Genangan air setinggi hingga tiga meter, ditambah lumpur dengan ketebalan lebih dari 30 sentimeter, merendam seluruh bangunan rumah sakit. Fasilitas medis, sarana penunjang, hingga prasarana vital mengalami kerusakan berat.
Menghadapi kondisi tersebut, berbagai unsur bergerak bersama. Personel TNI, Polri, relawan, dan masyarakat bahu-membahu membersihkan puing serta lumpur yang menutupi area rumah sakit.
“Bahkan, peralatan penting seperti mobil ambulans tak lagi dapat digunakan untuk melayani masyarakat setelah banjir surut,” tulis rilis BNPB.
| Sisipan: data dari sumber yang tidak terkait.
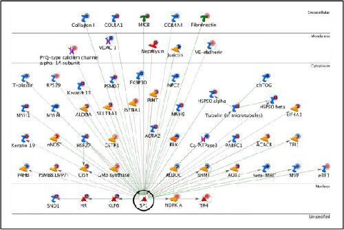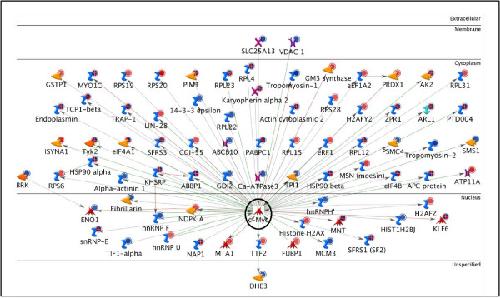 Figure 3. c-Myc Network. The network shows c-Myc (enclosed by a black circle) with its 71 targets from the bait list. The horizontal lines separate the proteins in the network into the following categories: extracellular, membrane, cytoplasm, nucleus, and unspecified. The various symbols used in the network have been described in detail in the supplementary information [Additional file 7].

Perlahan namun pasti, RSUD Muda Sedia mulai bangkit. Sejak 9 Desember 2025, layanan kesehatan kepada masyarakat kembali dibuka meski masih dalam kondisi terbatas.
Ruang Instalasi Gawat Darurat (IGD) untuk sementara juga difungsikan untuk rawat inap untuk pasien dengan kondisi medis ringan. Sejumlah ruang rawat inap lainnya dipakai untuk memberikan layanan kesehatan dengan tingkatan keluhan medis pasien yang membutuhkan penanganan khusus.
“Di samping itu, satu ruangan khusus telah difungsikan untuk penanganan bedah minor dan persalinan.”